Still standing. Staring off into the distance at a hill no longer there.

I had wondered about that barn, chewing its cud on the safest-looking property we’d looked at, in an area where it looked like no disaster would touch, other than stampeding sheep and a banjo player snapping a string.

The slide had dammed the river at its base, obliterating a square mile of land, including the highway and everything on both sides of it.

Just up the road from the barn, we came to a standstill for road construction at the lip of the mudslide’s reach. It had taken over two months to scrape the highway clean and reopen it as an unpaved gravel road. But today the road had closed again to stage queues of 18-wheeler flatbed trucks, each bearing one church-sized concrete girder—barriers that for all their sheer size and weight looked pathetically hopeless in the face of what had been a soggy-Pompeii, instantly halting life. “Tragedy” and “disaster” and “catastrophe” are overused words, constantly appended to hiccups of fate or picayune manmade crises—but in this case, any words were insufficient for the scope of destruction and for man’s trivial attempts to withstand the next unpredictable Zeus tantrum with flimsy slabs of cement.

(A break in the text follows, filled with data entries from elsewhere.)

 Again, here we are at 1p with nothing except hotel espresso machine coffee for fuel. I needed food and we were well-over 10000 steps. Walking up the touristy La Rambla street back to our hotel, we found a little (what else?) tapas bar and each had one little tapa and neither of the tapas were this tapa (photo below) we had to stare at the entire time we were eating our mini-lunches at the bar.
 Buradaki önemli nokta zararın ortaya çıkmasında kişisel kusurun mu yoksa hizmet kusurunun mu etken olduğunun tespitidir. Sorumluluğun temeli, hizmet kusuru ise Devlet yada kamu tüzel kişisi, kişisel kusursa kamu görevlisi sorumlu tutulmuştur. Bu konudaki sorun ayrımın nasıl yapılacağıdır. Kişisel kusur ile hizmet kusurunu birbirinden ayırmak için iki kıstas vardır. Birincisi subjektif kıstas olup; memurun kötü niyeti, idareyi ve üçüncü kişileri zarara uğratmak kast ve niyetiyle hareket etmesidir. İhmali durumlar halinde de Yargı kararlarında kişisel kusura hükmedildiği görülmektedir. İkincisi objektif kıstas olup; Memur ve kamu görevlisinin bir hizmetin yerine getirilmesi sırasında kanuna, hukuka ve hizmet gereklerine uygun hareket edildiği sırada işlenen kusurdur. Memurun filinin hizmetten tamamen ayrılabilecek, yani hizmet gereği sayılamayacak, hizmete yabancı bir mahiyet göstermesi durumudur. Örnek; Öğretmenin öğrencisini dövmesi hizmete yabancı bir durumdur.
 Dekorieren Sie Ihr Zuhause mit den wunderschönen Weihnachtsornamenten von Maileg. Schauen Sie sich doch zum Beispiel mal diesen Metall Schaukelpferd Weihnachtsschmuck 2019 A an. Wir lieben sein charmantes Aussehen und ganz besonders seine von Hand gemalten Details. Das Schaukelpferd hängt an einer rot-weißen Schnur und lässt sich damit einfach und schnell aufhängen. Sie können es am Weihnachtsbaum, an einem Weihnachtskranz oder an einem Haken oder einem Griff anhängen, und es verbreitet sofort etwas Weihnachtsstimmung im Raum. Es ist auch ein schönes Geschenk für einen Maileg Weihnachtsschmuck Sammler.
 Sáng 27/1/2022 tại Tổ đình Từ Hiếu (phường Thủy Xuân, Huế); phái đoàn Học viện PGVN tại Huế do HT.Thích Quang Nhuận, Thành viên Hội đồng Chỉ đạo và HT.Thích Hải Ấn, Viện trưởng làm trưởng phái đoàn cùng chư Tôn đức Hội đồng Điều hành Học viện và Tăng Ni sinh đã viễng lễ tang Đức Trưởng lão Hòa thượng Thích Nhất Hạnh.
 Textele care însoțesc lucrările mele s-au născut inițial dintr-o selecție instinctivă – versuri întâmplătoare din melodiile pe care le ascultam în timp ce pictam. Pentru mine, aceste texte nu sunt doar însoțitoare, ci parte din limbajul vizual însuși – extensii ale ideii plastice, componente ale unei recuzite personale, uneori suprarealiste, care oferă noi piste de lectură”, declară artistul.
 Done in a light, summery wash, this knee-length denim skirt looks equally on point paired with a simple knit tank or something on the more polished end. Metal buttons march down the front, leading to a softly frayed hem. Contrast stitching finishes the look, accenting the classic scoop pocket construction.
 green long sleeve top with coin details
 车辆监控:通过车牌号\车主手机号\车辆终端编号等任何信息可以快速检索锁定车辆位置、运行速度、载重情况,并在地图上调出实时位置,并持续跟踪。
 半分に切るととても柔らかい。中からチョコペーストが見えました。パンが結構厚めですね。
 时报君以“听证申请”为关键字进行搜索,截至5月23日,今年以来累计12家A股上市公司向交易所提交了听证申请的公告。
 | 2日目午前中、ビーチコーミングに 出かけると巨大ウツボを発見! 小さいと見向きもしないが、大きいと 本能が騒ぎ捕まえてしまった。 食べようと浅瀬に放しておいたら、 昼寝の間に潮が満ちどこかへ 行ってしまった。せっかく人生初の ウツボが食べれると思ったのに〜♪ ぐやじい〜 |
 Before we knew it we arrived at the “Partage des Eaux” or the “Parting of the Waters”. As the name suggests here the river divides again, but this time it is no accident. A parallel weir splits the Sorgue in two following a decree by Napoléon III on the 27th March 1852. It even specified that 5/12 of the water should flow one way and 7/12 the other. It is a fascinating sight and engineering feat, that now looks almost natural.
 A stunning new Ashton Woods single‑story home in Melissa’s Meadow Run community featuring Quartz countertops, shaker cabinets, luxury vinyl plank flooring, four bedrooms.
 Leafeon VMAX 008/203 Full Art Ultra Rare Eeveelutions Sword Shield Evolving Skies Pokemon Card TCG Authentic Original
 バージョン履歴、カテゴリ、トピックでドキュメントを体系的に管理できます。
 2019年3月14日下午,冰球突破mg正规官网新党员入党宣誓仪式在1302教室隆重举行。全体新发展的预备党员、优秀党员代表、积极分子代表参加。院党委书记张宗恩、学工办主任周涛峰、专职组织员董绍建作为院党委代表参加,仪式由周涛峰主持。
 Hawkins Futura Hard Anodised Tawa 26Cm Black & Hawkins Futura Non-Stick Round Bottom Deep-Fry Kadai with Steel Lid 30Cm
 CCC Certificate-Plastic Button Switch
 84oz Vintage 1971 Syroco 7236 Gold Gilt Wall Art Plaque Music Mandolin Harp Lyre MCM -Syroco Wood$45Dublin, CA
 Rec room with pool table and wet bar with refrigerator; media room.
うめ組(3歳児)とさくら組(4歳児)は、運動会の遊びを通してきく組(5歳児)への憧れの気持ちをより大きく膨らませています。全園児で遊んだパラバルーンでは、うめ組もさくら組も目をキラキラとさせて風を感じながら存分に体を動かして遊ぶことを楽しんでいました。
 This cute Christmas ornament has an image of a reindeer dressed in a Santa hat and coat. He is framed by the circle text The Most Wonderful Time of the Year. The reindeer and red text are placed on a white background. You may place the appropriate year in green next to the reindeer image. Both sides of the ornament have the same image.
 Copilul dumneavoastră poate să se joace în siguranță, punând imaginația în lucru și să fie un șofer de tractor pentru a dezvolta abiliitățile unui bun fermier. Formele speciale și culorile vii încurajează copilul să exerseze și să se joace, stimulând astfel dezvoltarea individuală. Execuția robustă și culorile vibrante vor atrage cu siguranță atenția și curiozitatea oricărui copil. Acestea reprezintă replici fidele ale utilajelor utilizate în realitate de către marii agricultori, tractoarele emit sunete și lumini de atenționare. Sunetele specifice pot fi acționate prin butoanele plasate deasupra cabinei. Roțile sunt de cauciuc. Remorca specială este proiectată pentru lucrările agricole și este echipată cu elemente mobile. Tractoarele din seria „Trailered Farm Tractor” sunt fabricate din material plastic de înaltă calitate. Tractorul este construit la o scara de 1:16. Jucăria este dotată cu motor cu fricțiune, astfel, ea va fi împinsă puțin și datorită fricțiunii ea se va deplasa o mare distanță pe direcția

The tiny, tinny beeps of vehicles backing into place made little dent in the gouged silence of a yawning mountainside, and signified nothing but our insignificance.

Cars that day could travel one way at a time along a power company’s access road. We skirted the south lip of the slide, swathed in dust as we crept along through the trees in the long snake of cars, baking in the heat. It felt wrong to roll up the windows and turn on the a/c.

“When will we see the mudslide?” the Little Monkey asked every two and a half seconds. “Is that it?”

“You’ll know it when you see it,” I answered.

And we rounded a bend, and we did.

The hillside had dropped its jaw open like a nutcracker, disgorging itself into a square-mile swath that was 30 to 70 feet deep in mud and splinters that once were houses and trees.

But all I could see were people in living room armchairs on a peaceful Saturday morning, smothered. Drivers on the highway, radio on, smothered. The cable TV guy, the electrician, the plumber, at work early on a weekend for a nurse’s new house, smothered. The wife, the grandmother, the infant daughter. The longtime-married couples, the just-engaged couple. The family dog.

The rescue dogs, the rescue workers.

Then there was the tree. A single trunk stretching skyward in the midst of a cataclysm that had felled everything else around it.

And at the top of that tree: the stars and stripes. And one speck of a human, in a hardhat, making his way across the lunar terrain.

And in the front seat I cried, but did not let the Little Monkey know. For him we remain as staunch as that flag, now flying from the top of the tree instead of at half-mast.

The tree. That barn. Oh, that barn.

What surely should perish, survives. What looks unstable stands strong.

What should be stable, collapses: a mountain, a birth family. What should be safe becomes dangerous.

What forces transpired to save one tree in a wasteland? To leave that grandfatherly barn unscathed, just down the road? What forces transpired to put one cross-eyed, klutzy boy in our path when 9,999 other children in this state at any given time need homes after their biological parents have failed them? How can a young person continue to stand tall amidst the wreckage? How can we predict what is safe and what is not?

There’s only one thing I know for sure: I bet that barn could be had for a song now.